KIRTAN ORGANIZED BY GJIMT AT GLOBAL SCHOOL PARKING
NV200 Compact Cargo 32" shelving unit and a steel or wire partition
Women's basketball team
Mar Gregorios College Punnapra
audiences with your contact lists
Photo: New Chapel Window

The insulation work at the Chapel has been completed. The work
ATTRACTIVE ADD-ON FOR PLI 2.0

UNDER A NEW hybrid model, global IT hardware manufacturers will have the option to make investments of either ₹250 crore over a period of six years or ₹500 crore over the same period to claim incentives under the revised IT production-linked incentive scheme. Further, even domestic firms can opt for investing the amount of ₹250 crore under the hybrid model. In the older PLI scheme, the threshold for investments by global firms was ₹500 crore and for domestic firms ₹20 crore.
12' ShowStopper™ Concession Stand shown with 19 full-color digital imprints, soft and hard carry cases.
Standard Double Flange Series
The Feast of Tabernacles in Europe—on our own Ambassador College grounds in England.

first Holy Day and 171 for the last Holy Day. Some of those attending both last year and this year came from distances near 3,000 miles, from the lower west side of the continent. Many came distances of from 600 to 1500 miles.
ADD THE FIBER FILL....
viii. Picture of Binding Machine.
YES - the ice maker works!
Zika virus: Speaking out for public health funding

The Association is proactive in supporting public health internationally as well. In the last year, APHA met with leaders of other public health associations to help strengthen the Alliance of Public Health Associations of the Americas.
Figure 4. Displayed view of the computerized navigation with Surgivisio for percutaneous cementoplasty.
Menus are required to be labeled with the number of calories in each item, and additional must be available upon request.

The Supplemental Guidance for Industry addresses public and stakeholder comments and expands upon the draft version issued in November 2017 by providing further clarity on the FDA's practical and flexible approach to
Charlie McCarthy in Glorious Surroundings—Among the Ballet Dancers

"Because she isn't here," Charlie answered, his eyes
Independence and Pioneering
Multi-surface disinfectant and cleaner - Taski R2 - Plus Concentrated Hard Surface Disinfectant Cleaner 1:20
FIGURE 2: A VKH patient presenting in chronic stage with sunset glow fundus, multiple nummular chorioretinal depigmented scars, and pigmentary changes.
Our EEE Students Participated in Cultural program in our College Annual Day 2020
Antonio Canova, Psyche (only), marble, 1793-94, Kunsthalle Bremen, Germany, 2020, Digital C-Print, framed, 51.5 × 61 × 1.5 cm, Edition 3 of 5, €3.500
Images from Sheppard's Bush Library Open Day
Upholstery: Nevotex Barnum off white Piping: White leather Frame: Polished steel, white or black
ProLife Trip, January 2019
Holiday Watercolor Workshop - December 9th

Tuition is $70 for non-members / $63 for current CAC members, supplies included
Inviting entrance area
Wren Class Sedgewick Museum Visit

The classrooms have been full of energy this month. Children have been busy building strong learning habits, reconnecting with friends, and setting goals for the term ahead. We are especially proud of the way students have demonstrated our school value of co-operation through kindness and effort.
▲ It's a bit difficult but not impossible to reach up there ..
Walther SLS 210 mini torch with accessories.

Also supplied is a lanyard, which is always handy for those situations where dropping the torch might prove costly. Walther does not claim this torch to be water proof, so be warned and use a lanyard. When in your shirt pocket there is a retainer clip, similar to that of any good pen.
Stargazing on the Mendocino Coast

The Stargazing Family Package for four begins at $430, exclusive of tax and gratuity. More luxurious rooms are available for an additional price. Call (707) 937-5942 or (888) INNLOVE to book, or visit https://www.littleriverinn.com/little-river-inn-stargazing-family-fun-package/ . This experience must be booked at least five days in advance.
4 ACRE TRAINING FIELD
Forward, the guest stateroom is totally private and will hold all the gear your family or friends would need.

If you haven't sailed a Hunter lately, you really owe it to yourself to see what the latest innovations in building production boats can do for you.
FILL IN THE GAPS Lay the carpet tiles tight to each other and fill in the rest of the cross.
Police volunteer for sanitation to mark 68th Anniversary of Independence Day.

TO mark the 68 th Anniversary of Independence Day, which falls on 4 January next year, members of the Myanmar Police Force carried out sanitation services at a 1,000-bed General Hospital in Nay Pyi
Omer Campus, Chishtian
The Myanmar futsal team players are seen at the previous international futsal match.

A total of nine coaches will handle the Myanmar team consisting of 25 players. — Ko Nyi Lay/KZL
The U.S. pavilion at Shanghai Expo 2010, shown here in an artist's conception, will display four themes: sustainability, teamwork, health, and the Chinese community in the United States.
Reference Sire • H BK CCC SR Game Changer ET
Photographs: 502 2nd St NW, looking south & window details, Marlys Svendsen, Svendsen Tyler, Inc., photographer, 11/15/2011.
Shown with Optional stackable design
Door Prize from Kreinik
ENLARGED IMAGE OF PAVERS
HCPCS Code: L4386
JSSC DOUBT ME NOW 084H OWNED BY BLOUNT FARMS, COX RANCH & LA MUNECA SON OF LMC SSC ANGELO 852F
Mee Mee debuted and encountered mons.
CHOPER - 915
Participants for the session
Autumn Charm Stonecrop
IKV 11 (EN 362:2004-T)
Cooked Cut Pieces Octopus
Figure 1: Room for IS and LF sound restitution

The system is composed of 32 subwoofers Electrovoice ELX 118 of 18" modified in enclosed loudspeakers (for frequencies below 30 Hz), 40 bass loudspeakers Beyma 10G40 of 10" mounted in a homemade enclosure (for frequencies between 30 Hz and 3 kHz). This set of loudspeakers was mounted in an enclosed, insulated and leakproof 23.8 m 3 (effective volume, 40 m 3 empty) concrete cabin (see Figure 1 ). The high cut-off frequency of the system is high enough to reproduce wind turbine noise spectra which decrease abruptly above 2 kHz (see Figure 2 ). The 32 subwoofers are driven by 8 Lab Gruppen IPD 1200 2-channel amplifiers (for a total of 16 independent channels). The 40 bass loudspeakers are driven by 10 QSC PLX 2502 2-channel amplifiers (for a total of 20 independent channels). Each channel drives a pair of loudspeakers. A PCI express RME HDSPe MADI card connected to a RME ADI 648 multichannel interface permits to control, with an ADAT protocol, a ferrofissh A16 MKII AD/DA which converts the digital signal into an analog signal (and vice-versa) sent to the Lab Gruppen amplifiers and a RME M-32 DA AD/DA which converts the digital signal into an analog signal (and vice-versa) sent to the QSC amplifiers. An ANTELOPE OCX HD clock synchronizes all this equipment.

:::

→ **WHAT IS REQUIRED**
Using the data above, extract exactly the lines from the one that holds "ProLife Trip, January 2019" to the one that holds "FILL IN THE GAPS", both ends included, and no others.

→ **WRITTEN SOLUTION**
ProLife Trip, January 2019
Holiday Watercolor Workshop - December 9th

Tuition is $70 for non-members / $63 for current CAC members, supplies included
Inviting entrance area
Wren Class Sedgewick Museum Visit

The classrooms have been full of energy this month. Children have been busy building strong learning habits, reconnecting with friends, and setting goals for the term ahead. We are especially proud of the way students have demonstrated our school value of co-operation through kindness and effort.
▲ It's a bit difficult but not impossible to reach up there ..
Walther SLS 210 mini torch with accessories.

Also supplied is a lanyard, which is always handy for those situations where dropping the torch might prove costly. Walther does not claim this torch to be water proof, so be warned and use a lanyard. When in your shirt pocket there is a retainer clip, similar to that of any good pen.
Stargazing on the Mendocino Coast

The Stargazing Family Package for four begins at $430, exclusive of tax and gratuity. More luxurious rooms are available for an additional price. Call (707) 937-5942 or (888) INNLOVE to book, or visit https://www.littleriverinn.com/little-river-inn-stargazing-family-fun-package/ . This experience must be booked at least five days in advance.
4 ACRE TRAINING FIELD
Forward, the guest stateroom is totally private and will hold all the gear your family or friends would need.

If you haven't sailed a Hunter lately, you really owe it to yourself to see what the latest innovations in building production boats can do for you.
FILL IN THE GAPS Lay the carpet tiles tight to each other and fill in the rest of the cross.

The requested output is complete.